Once again they lapsed into thought, and once again it was Mel who lifted her head smiling.
‘I’ve got it,’ she said.
‘What?’ asked the loblolly boy.
‘You said it right at the start,’ she said.
‘I did?’ he said.
‘Yep, remember? You asked whether we should send him an invitation.’
‘Yes, but I was being sarcastic.’
‘My mum says you should never be sarcastic,’ said Mel primly. And then she turned to the Gadget Man. ‘Would you have some note paper and an envelope. The frillier the better.’
The last request seemed to puzzle the little man, but he thought for a moment. ‘Actually,’ he cried, ‘I have. I have some really frilling paper!’ And he hurried off.
‘Oh, and a pen,’ Mel cried after him.
When she had this material, she knelt down before the coffee table.
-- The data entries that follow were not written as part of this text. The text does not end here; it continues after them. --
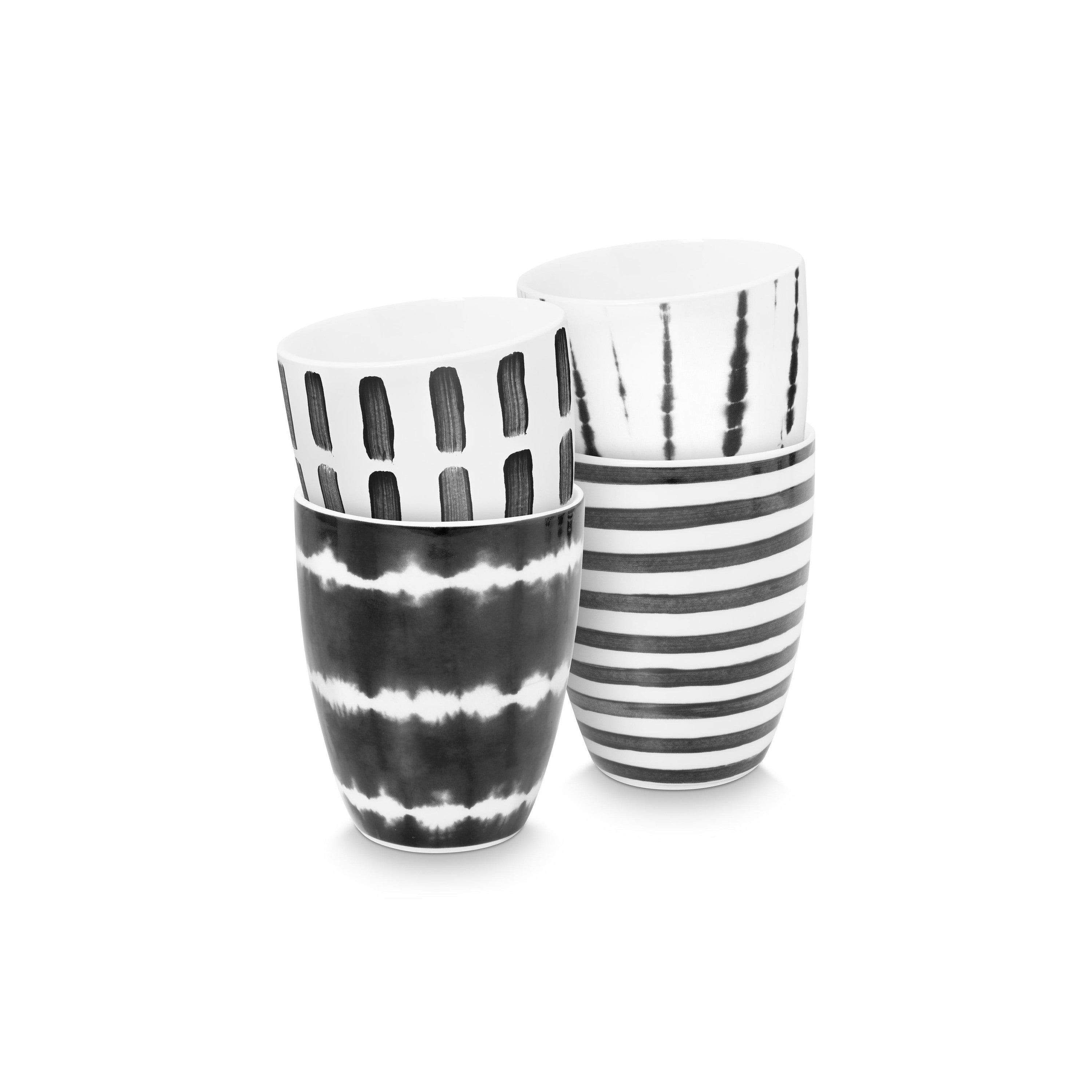 vtwonen - Mokken - Blauw, Wit - Porselein - 400ml - Set van 4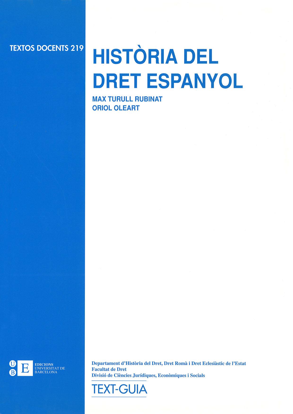 Aquest text-guia d’Història del Dret Espanyol vol servir l’estudiant de primer curs de Dret -però també els estudiants de la llicenciatura d’Història- per a introduir-se a la matèria. No és pas una eina que substitueixi ni els manuals ni la bibliografia, sinó que està pensat per a ser-ne una eina complementària que faciliti, precisament, de treure’n més profit i que enriqueixi l’estudi posant a disposició de l’estudiant més i més variats recursos. S’ha defugit voluntàriament de caure en un excés de teoria i en generalitzacions abusives, i s’ha pretès redactar un text eminentment pràctic, concret, precís i adequat, fins allò que ens consta, a les necessitats dels estudiants dels primers cursos universitaris. El text-guia que teniu a les mans es revisarà i actualitzarà periòdicament.
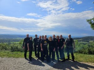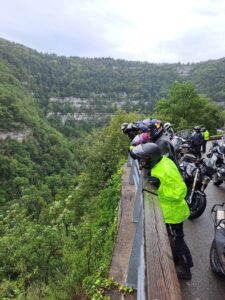Unser Tourguide Armin und Simone hatten erneut eine atemberaubende Route durch das Französische Jura für uns geplant, gespickt mit wunderschönen Kurven und atemberaubenden Ausblicken. Schon bald legten wir an einem malerischen Aussichtspunkt in Chatillon einen Fotostopp ein und nutzten die Gelegenheit für ein Gruppenfoto, bei bis jetzt, schönstem Wetter.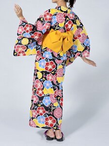 商品名新品 浴衣/作り帯 2点セット 花柄 綿100サイズフリーサイズ身長・・・154〜168cmバスト・・・79〜94cm素材綿100%カラー(浴衣)黒、赤、黄、青等(帯)山吹色コメント参考着用モデル身長:171cmおはしょりで調整ができます。
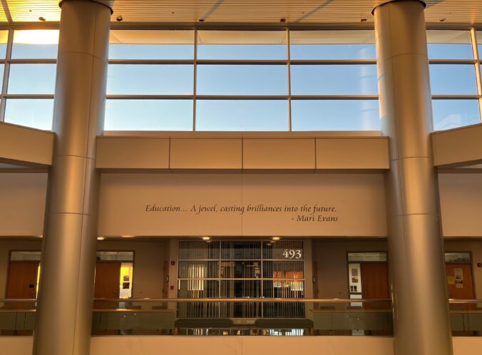 Students sit in the foyer, taking a break between classes, chatting with a friend. On my way to my new office on the fourth floor, the sun pours through the windows, illuminating the atrium. Engraved in the wall up high, in the center of it all, is a Mari Evans quote: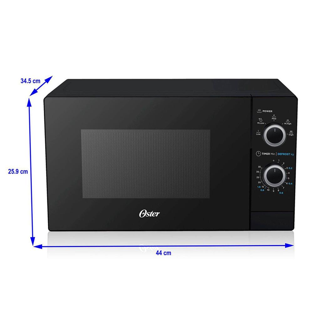 El horno microondas POGM3702 de la marca Oster renovará la apariencia de tu cocina, gracias a su sofisticada apariencia color negro. Los 20 lt de capacidad de este horno eléctrico simplificarán las labores en la cocina. Funciona con un voltaje de 220 V y una potencia de 700W. Su panel manual te permitirá controlar la temperatura para elegir los niveles que más te convengan, asimismo cuenta con la opción automática de descongelado para que no te preocupes más por cómo emplear los alimentos que conservas en la nevera.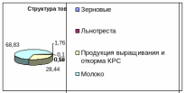На диаграммах хорошо видно, что за анализируемые годы молоко имеет наибольший удельный вес, следующей по значимости идее продукция выращивания и откорма КРС, что ещё раз доказывает, что хозяйство имеет молочно-мясную специализацию. Остальные виды продукции имеют незначительный удельный вес.
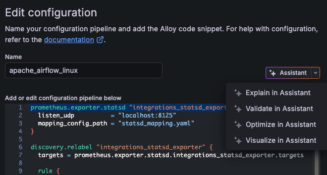 Grafana Fleet Management has introduced an integrated Assistant experience for configuration pipelines. With preconfigured prompts, you can use Assistant to explain, validate, fix, optimize, or visualize your pipelines.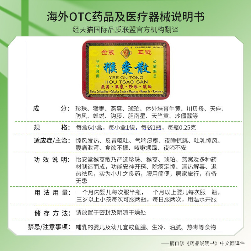 📚 香港怡安堂猴枣散12粒除痰定惊清热解毒安神开窍退热祛风腹痛泄泻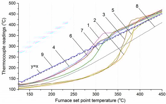 Temperature profiles along the reactor axis at section № 4. 1—sunflower husks, 2—corn stalks and cobs, 3—wheat straw, 4—coffee skin, 5—olive leaves, 6—sugarcane bagasse, 7—date palm leaves, 8—charcoal, 9—furnace temperature.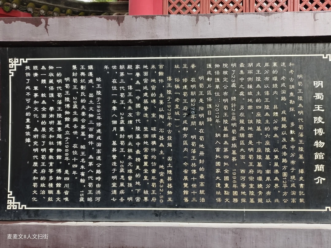 明蜀王陵,位于四川省成都市龙泉驿区十陵街道办正觉山山麓及青龙埂等地,以僖王陵为中心,形成了一处类似北京十三陵的王陵墓葬群胜迹,是明代(1368~1644年)藩王蜀王的家族陵墓群。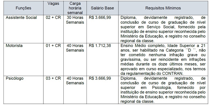 Assistente Social, Psicólogo e Motorista serão contratados temporariamente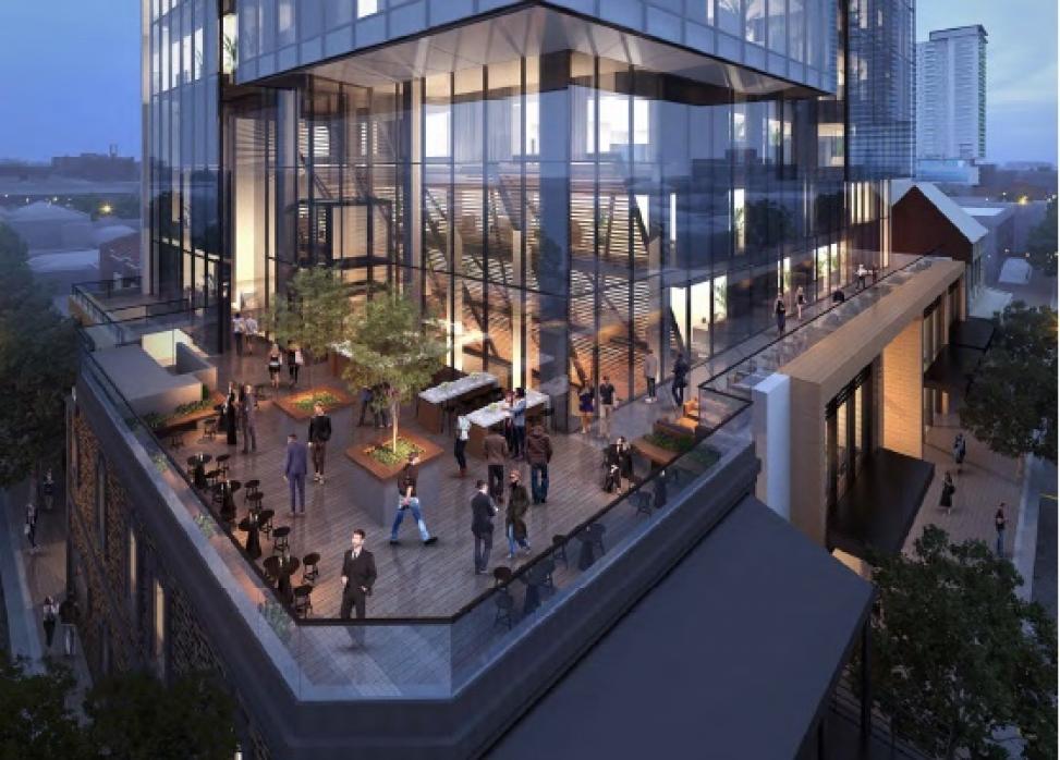 Retail tenancy at Ground floor with fifteen levels of offices and two, two storey penthouses occupying the top level.

First of all she took the envelope and wrote in careful letters: For Benjy. Under this she drew a small heart. Then taking a sheet of paper, she wrote: If you can meet me at the ramp in the park at one o’clock tomorrow I can tell you a secret. Underneath this she wrote: Your Secret Admirer, and then she drew another heart, a little bigger this time.
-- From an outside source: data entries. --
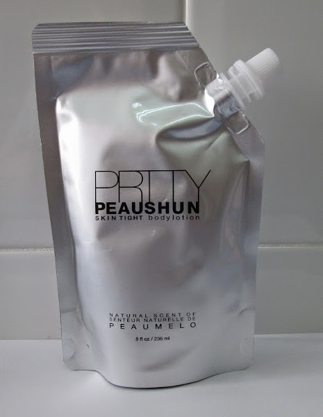 Se conoce con el nombre de "Prtty Peaushun" (un nombre un poco difícil de pronunciar, ¿verdad? jejeje). Este original producto ha sido creado por la maquilladora Bethany Karlyn. Se trata de una loción corporal, que también se puede utilizar en el rostro y en el cabello, y que es 100% natural.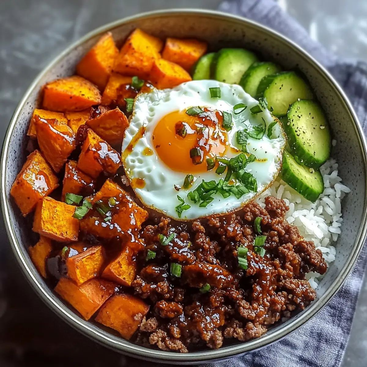 - Assemble bowls with rice, hot honey beef, sweet potatoes, avocado, and fried egg.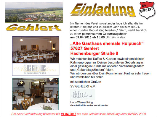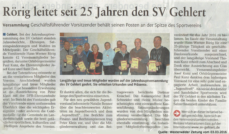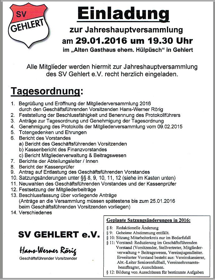 Jahreshauptversammlung 2016 des SV Gehlert standen am 29.01.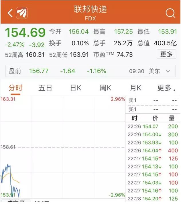 从联邦快递的股价来看,历史最高峰在已经在2018年1月份出现,当时股价涨到了270.91美元,随后一路下滑,今年8月创下147.82美元新低。市值蒸发约321.3亿美元,折合人民币高达2300亿元以上。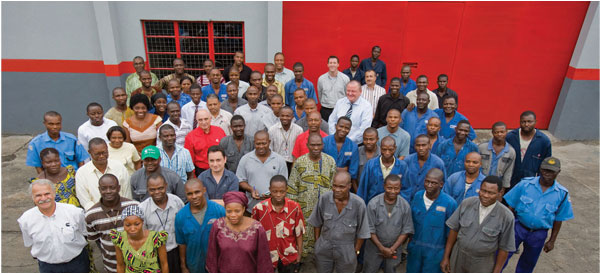 Cummins West Africa employees gather outside their facilities in Lagos, Nigeria. The distributorship, which is also the site of a new manufacturing operation for power generator sets, is a joint venture between Cummins and A. G. Leventis.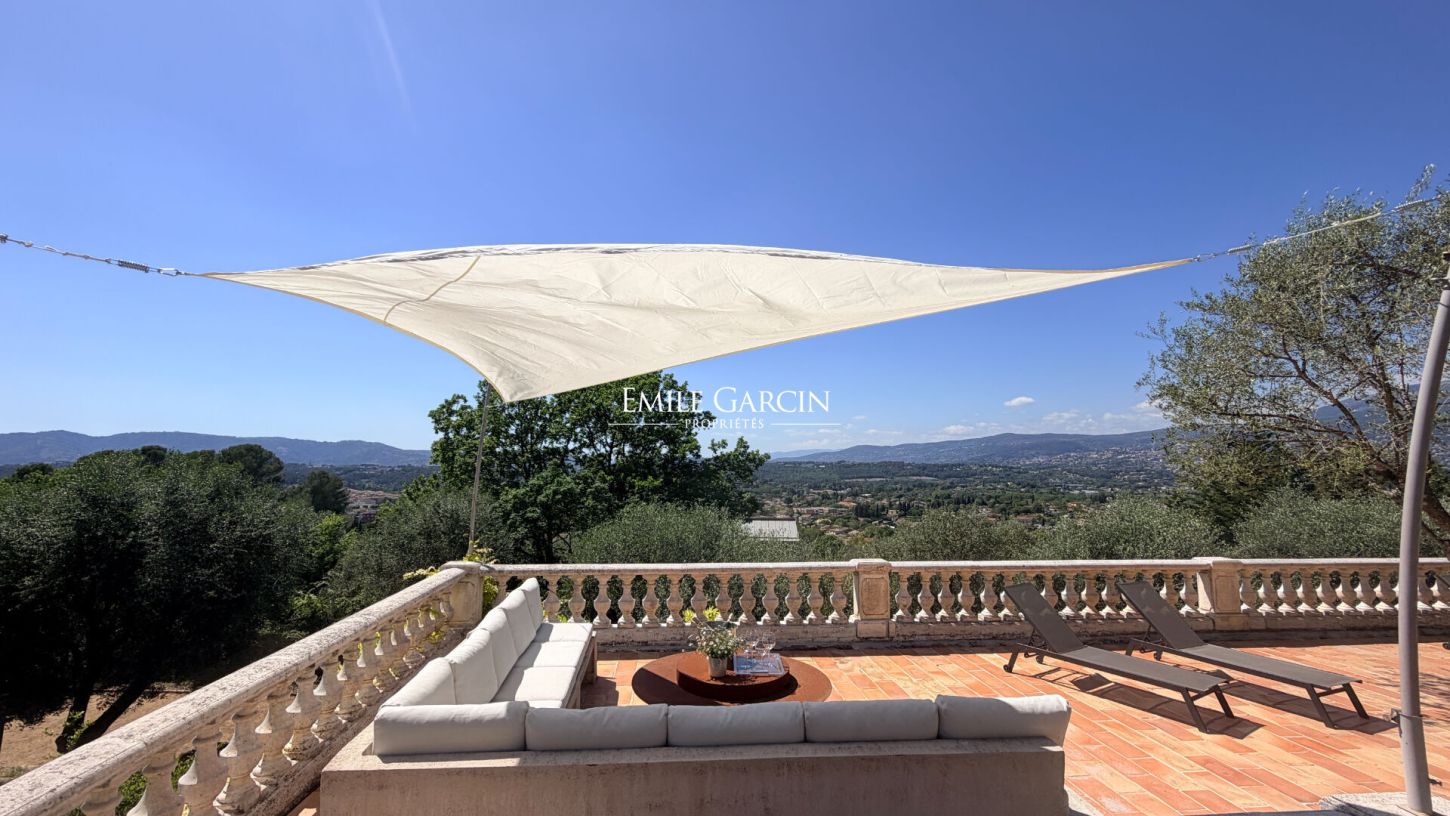 Located in the heart of the sought-after and secure residential area of ??Castellaras, just 5 minutes from Mougins and Valbonne, this exceptional property stands out for its perfect condition, south- and west-facing aspect, elevated position, absolute tranquility and complete privacy. Within easy reach of the local shops, schools and main roads, it offers a desirable quality of life in a popular area. The interior is centred around a bright open-plan living/dining room of approximately 90 sq.m and a fully equipped, high-end contemporary kitchen. On the ground floor, you will also find a master suite of approximately 30 sq.m with ensuite bathroom and direct access to the outdoor spaces, as well as a utility room. Upstairs, there are three additional bedrooms, two with magnificent private terraces, providing ample space for family and guests. Sitting on approximately 2,400 sq.m of landscaped grounds adorned with olive trees and Mediterranean plants, this villa presents a high-end finish and generous, light-filled living spaces. The perfectly designed outdoor areas include spacious terraces, a fire pit and several relaxation areas, perfect for socializing and unwinding. This is a turnkey property in a prime location, offering space, light, privacy and top-of-the-range amenities.
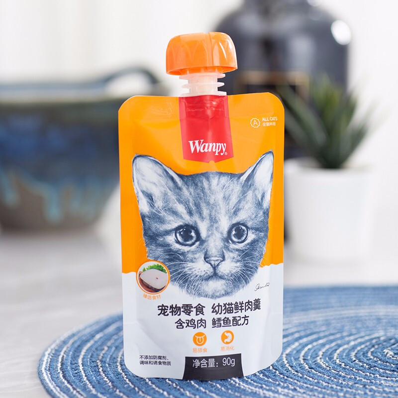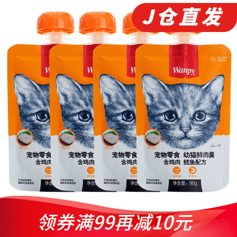 Wanpy顽皮鲜肉羹猫零食猫咪鲜封包猫湿粮幼猫成猫全期猫通用 幼猫鸡肉鳕鱼90g*4包 1份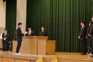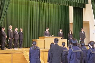 本日,生徒と保護者・卒業生の方々の参列のもと,ご退職またご転任される7名の職員の離任式を行いました。生徒会長の尾口君からは,心温まるお別れの言葉,生徒会役員からは花束が贈られました。7名の職員には,松島中学校で生徒に寄り添いながら指導をしていただきました。今後は健康に留意され,次の職場で更にご活躍されることをお祈りしています。

She folded the note in three and put it in the envelope, which she sealed. Then she handed the envelope to the loblolly boy.
‘You can be the mailman,’ she grinned.
The loblolly boy was grinning too. ‘Brilliant,’ he said. ‘Be pleased to.’
‘Make sure you’re not seen,’ said Mel. ‘Oh. And don’t put it in the letter box.’
‘I’ll push it under the door,’ said the loblolly boy. He grinned again. ‘He’ll probably lie awake all night wondering.’